After 26 years of discovery of the determinant survival motor neuron 1 and the modifier survival motor neuron 2 genes (SMN1 and SMN2, respectively), three SMN-dependent specific therapies are already approved by FDA and EMA and, as a consequence, worldwide SMA patients are currently under clinical investigation and treatment. Bi-allelic pathogenic variants (mostly deletions) in SMN1 should be detected in SMA patients to confirm the disease. Determination of SMN2 copy number has been historically employed to correlate with the phenotype, predict disease evolution, stratify patients for clinical trials and to define those eligible for treatment.
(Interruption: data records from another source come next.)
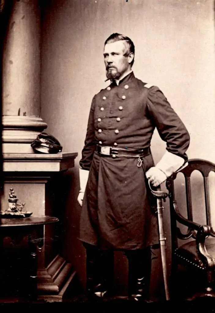 FRANK, PAUL (1828-1875). Brigadier general by brevet; colonel, 52nd New York Infantry; first lieutenant and adjutant, 5th Regiment, New York State Militia. Born in Saxony, Germany, on February 7, 1828, as Henry Paul Ferdinand Frank, he enlisted on April 19, 1861, at New York City, as a first lieutenant. On May 1, 1861, he was commissioned into the Field and Staff of the 5th New York State Militia as first lieutenant and adjutant and mustered out on August 7, 1861, at New York City. On October 25, 1861, he was promoted to colonel and was commissioned into the Field and Staff of the 52nd New York Infantry on November 1, the same day that his brother Emil (see) enlisted in that regiment. In the Peninsula Campaign in 1862, he was actively engaged in the Battles of Seven Pines and Fair Oaks (both in Virginia) and in all the battles and engagements during the seven days of fighting. William French praised him in his field report from Fair Oaks, Virginia, on June 3, 1862, for repulsing the enemy. Subsequently, Frank described the action at the Battle of Antietam, Maryland (September 17, 1862), in his report three days later:
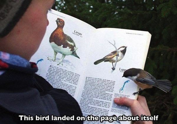 ▼他在看鳥類百科全書,一隻鳥停在了屬於自己的那一頁上。
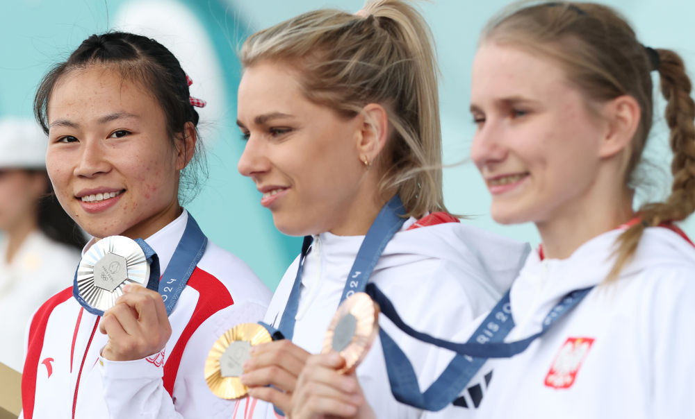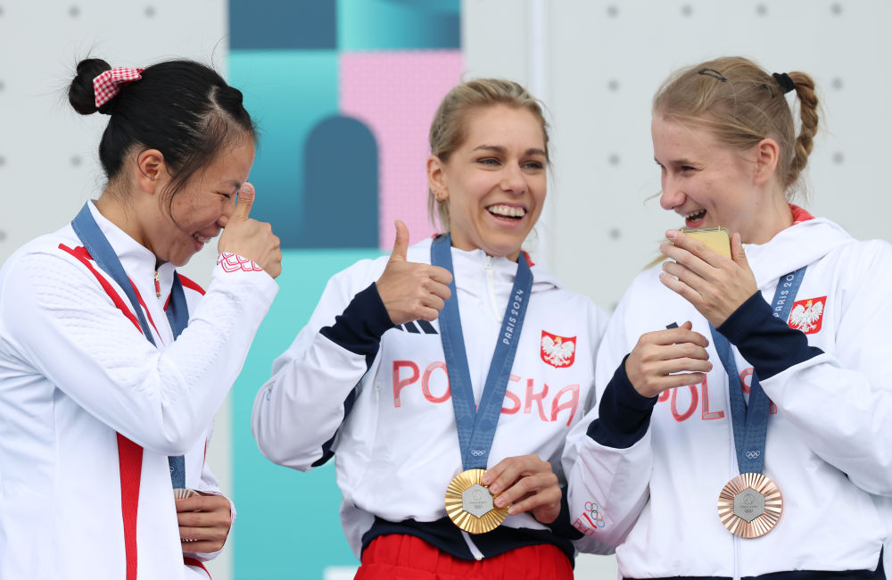 亚军中国选手邓丽娟(左)、冠军波兰选手米罗斯瓦夫(中)与季军波兰选手卡乌茨卡在颁奖仪式上。

In view that discordant genotype-phenotype correlations are present in SMA, besides technical issues with detection of SMN2 copy number, we have hypothesized that copy number determination is only the tip of the iceberg and that more deepen studies of variants, sequencing and structures of the SMN2 genes are necessary for a better understanding of the disease as well as to investigate possible influences in treatment responses. Here, we highlight the importance of a comprehensive approach of SMN1 and SMN2 genetics with the perspective to apply for better prediction of SMA in positive neonatal screening cases and early diagnosis to start treatments.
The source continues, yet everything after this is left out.